This memo describes the details of requirements and preconditions for
making "Global-Scope" IP anycast nodes for authoritative name
servers, with the conformance of the practices in RFC 2182, 2870,
3258 and Anycast BCP.
And this memo also describes our findings and experiences for making
IP anycast nodes for us. Authors hope that it is useful for DNS
operators that they will walk on the same way in the future,
especially for TLD operators.
In this memo, authors focus on "BGP anycast" for making "Global-
scope" IP anycast nodes. It is the currently most popular technology
for making IP anycast nodes and it is already used for making some
root and TLD DNS server nodes. Authors think a part of the basic
point of view can be applied to "Local-scope" IP anycast, too.

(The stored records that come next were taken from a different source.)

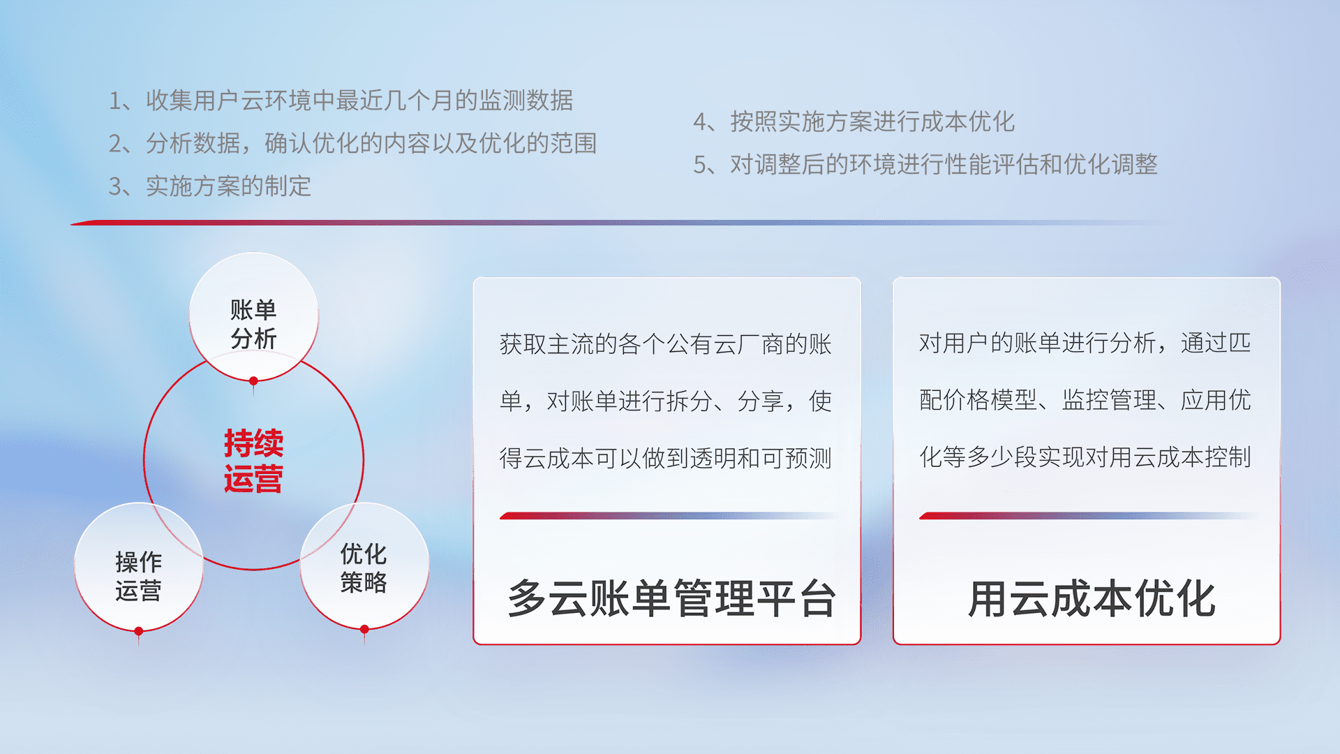 通过多云纳管,,,,以统一的资源数据模型把客户的云资源进行抽象和封装,,,进而实现对多云资源的统一操作,,,保障云资源管理的可靠性、、稳定性与可用性。。。。量身定制化运维内容,,,,配置、、、、开发运维、、补丁管理、、、、备份、、监控、、认证和访问管理、、审计和日常巡检等,,保障在用云过程中的可靠度,,,,稳定度以及高可用率。。。。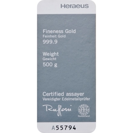 Heraeus guldbarre på 500g med en renhed på 999,9promille (99,99%) fra Tyskland.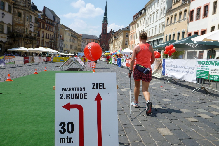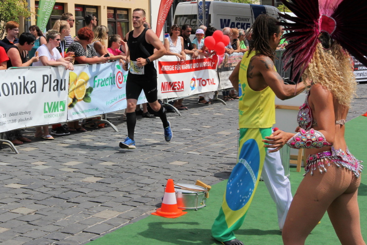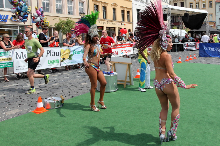 Jetzt geht es Schlag auf Schlag: Der Skatbrunnen am Brühl, rechterhand die St. Bartholomä-Kirche, dann geht es die Marktgasse hinauf, wo uns Helfer in ihren roten Shirts erwarten und anfeuern. Seit geraumer Zeit hören wir Stefan Bräuer und die Musik, dann sehe ich die Wende. Die erste Etappe ist geschafft und ich bin jetzt schon platt. Die Zeit spielt eh keine Rolle mehr. Ich schäkere ein wenig mit der Sambatänzerin herum und mache mich dann auf in die zweite Runde.

2. BGP Anycast and DNS Service
BGP anycast is a part of IP anycasting technology. It uses a shared
IP address block and a shared AS number for BGP anycast nodes, and
their nodes are placed in the Internet. Reachability of each nodes
are served by BGP routing protocol [8].
Each anycast nodes propagate the routing information of the shared IP
address block and AS number by BGP. Each BGP routers in the Internet
choose 'nearest' node by BGP's best route selection algorithm. That
is, the accesses to the shared IP address block will be distributed
to the each anycast nodes, depending on the clients' locations and
network topologies.
BGP anycast can control each anycast nodes by configuring as 'local
node' or 'global node' using BGP's routing framework. Concretely,
using the 'NO_EXPORT' [9] or 'NOPEER' [11] community, the 'local
node' operators can limit distributing the routing information of
anycast node only for the directly peering sites. Therefore, the
'local node' can localize the access to anycast node from directly
peering sites. On the other hand, the 'global node' operators apply
the normal BGP anycast for its node.
In this memo, authors focus on 'global node' as main target, but
authors believe it can be applied as 'local node' too.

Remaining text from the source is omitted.